*Your instructions*
Transcribe the full listing below, word for word, without pictures.

*Material provided*
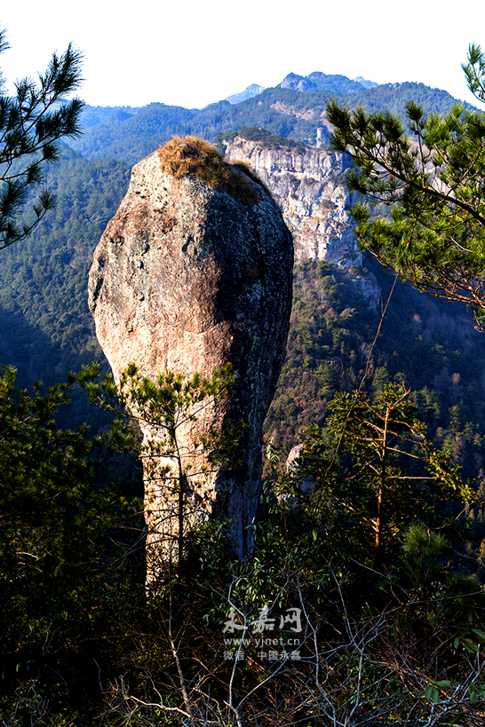 石斑巖也叫船巖,面積大約有2400平方米,周圍都是高不可攀的懸?guī)r峭壁,遠(yuǎn)遠(yuǎn)望去,像大輪船的吃水線。山巖上有一處平地,原建有胡公大殿,后被燒毀,站在玉皇頂,遠(yuǎn)望金溪高峽平湖,碧波蕩漾。這左邊隔陜谷有雨傘巖高聳;右邊隔峽谷有天柱巖如筍長在山坡,惟妙惟肖。
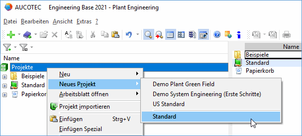 Pläne und Daten werden in Engineering Base in Projekten verwaltet. Daher müssen Sie ein Projekt anlegen, bevor Sie Pläne erstellen oder Daten eingeben können.
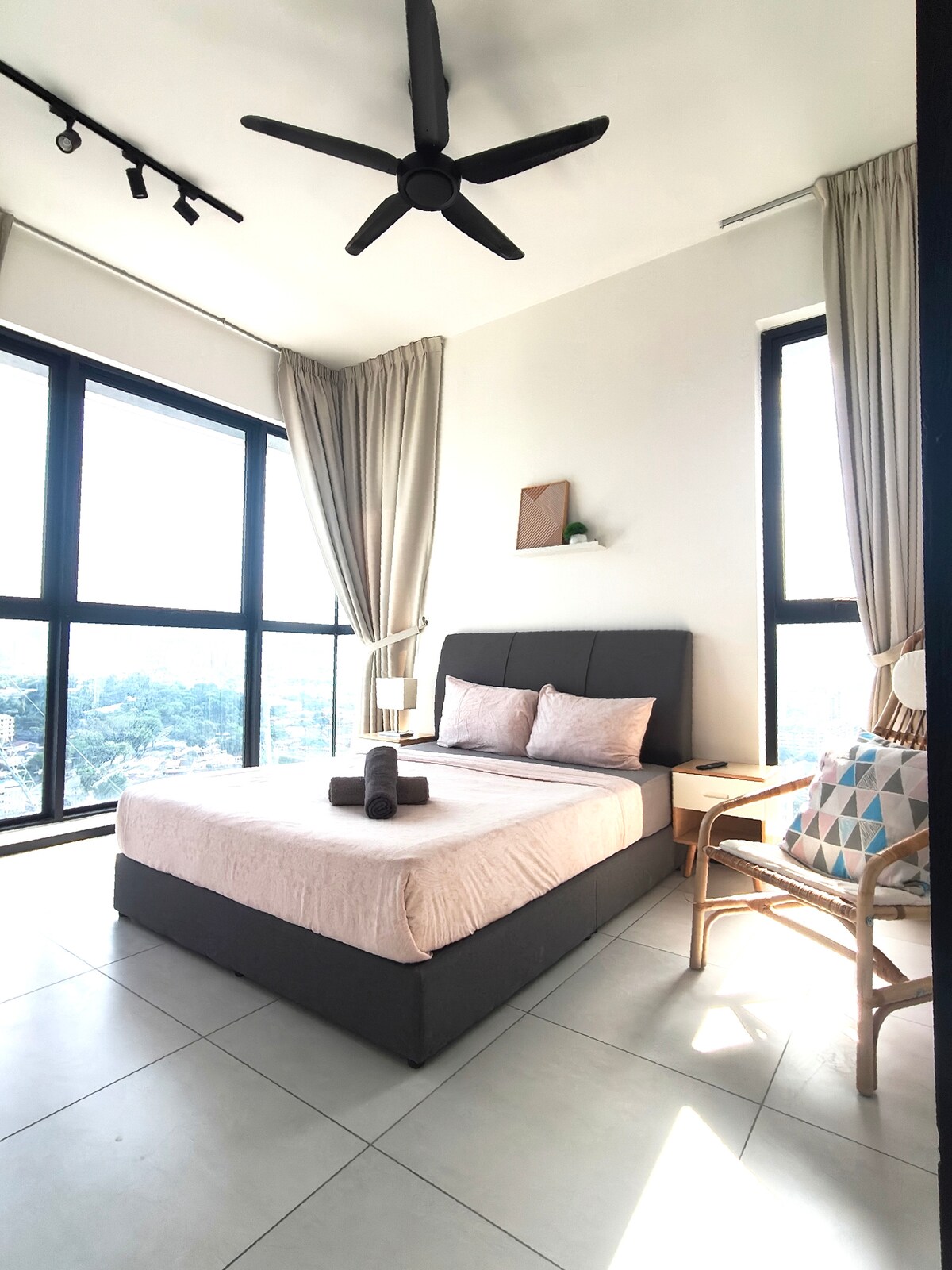 Onze gloednieuwe gezellige suite is perfect gelegen in het hart van Penang met gemakkelijke toegang tot lokale toeristische attracties. Japanse/Koreaanse restaurants en 7-11 supermarkt liggen direct onder ons huis! Lokaal eten, KFC & Pizza Hut ligt op 5 minuten lopen! Wij bieden • Geweldige gastvrijheidsdiensten • Zonsopgang en uitzicht op de stad • PS3 Entertainment en Netflix • 1 eigen parkeerplaats • 100 Mbps wifi • Uitzicht op het overloopzwembad • Volledig voorzien van airconditioning Als je van een rustige en gezellige plek in deze drukke stad houdt, wacht dan niet, boek nu!
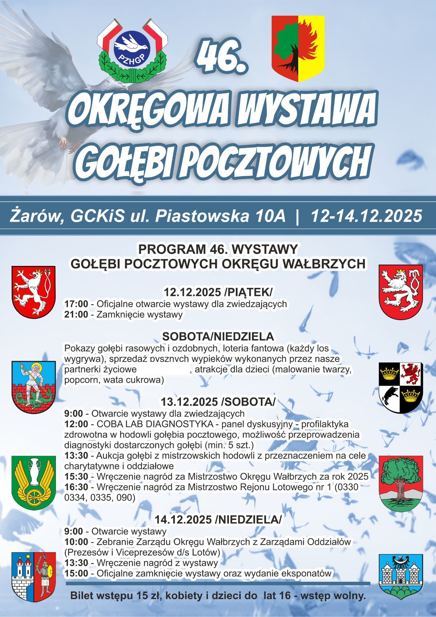 W dniach 12-14 grudnia w hali sportowej Gminnego Centrum Kultury i Sportu w Żarowie odbędzie się 46. Wystawa Gołębi Pocztowych Okręgu Wałbrzych.

*Solution*
 石斑巖也叫船巖,面積大約有2400平方米,周圍都是高不可攀的懸?guī)r峭壁,遠(yuǎn)遠(yuǎn)望去,像大輪船的吃水線。山巖上有一處平地,原建有胡公大殿,后被燒毀,站在玉皇頂,遠(yuǎn)望金溪高峽平湖,碧波蕩漾。這左邊隔陜谷有雨傘巖高聳;右邊隔峽谷有天柱巖如筍長在山坡,惟妙惟肖。
 Pläne und Daten werden in Engineering Base in Projekten verwaltet. Daher müssen Sie ein Projekt anlegen, bevor Sie Pläne erstellen oder Daten eingeben können.
 Onze gloednieuwe gezellige suite is perfect gelegen in het hart van Penang met gemakkelijke toegang tot lokale toeristische attracties. Japanse/Koreaanse restaurants en 7-11 supermarkt liggen direct onder ons huis! Lokaal eten, KFC & Pizza Hut ligt op 5 minuten lopen! Wij bieden • Geweldige gastvrijheidsdiensten • Zonsopgang en uitzicht op de stad • PS3 Entertainment en Netflix • 1 eigen parkeerplaats • 100 Mbps wifi • Uitzicht op het overloopzwembad • Volledig voorzien van airconditioning Als je van een rustige en gezellige plek in deze drukke stad houdt, wacht dan niet, boek nu!
 W dniach 12-14 grudnia w hali sportowej Gminnego Centrum Kultury i Sportu w Żarowie odbędzie się 46. Wystawa Gołębi Pocztowych Okręgu Wałbrzych.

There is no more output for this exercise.